Avevamo – e abbiamo – amici arrivati dai Paesi più in crisi, che ci hanno raccontato il dramma delle tratte di esseri umani e delle migrazioni nel Mediterraneo. Qualcuno era sulle navi delle Ong quando gli attivisti umanitari hanno tratto in salvo delle persone a largo della Sicilia.

Qualcuno di noi conosce in prima persona cosa significhi parlare italiano da sempre e non avere la cittadinanza. C’è chi ha insegnato la lingua gratuitamente a gente arrivata da lontano, e chi ha aiutato bambini di altre nazionalità a scoprire e mettere in pratica qui, nel nostro Paese, i loro talenti.

Le battaglie per i diritti civili, le mobilitazioni per l’ambiente, l’attenzione alle migrazioni e ai mutamenti della società: ne scriviamo ogni giorno perché sono una testimonianza aperta e concreta del nostro vissuto. Anche in questo caso, Open è stata una scuola di cronaca.

Futuro / Apertura

Cos’è Open, quindi? A un anno di distanza, dare la risposta dovrebbe essere facile. Dovrebbe arrivare senza troppi dubbi e indugi, e dovremmo avere tutti la stessa parola lampeggiare nella testa. Eppure non è così: cos’è il nostro giornale non lo sappiamo ancora fino in fondo.

Open ogni giorno è diverso. Si muove insieme a noi, a quel che vediamo, ai nostri progetti, alle nostre esperienze, alle nostre discussioni. Si muove insieme al mondo, ai suoi problemi, alle sue difficoltà. Si muove insieme alle sue vittorie e alle sue sconfitte.

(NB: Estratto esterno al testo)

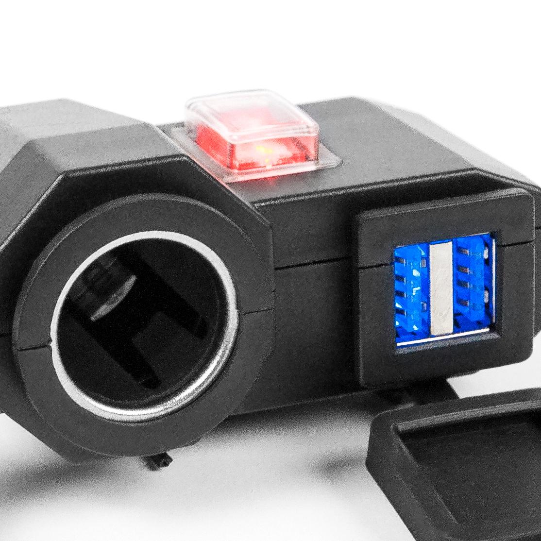 Gniazdo zapalniczki + 2 x USB – MUS04-L jest stabilnym źródłem prądu 5 V dla dwóch urządzeń oraz wyjściem 12-24 V dla trzeciego. Niezależnie od tego czy korzystasz w czasie jazdy na motocyklu z telefonu, nawigacji GPS, kamery czy innego urządzenia gniazdo marki eXtremestyle® to rozwiązanie problemu zasilania ich.

Ogni tanto, seduti ai bar dove ci ritroviamo spesso fuori turno, ci piace ripeterci che la nostra “missione” è quella di restituire complessità al mondo, a fronte di una comunicazione che troppo spesso punta a negargliela. Quella di andare oltre il bianco e nero, di cogliere – anche con l’aiuto del linguaggio – le varie sfumature e le diverse tonalità della moltitudine in cui siamo immersi.

Perché Open è ancora quello che era all’inizio, un atto di fede spalancato sul futuro. Un voto verso il mondo e verso noi stessi, la promessa e l’impegno di essere attenti, presenti e partecipi delle cose che accadono. Di essere obiettivi e concreti fino in fondo, affinché i nostri occhi sulla realtà servano a creare e ricreare il mondo in cui viviamo. Stavolta, magari, che sia meno indifferente.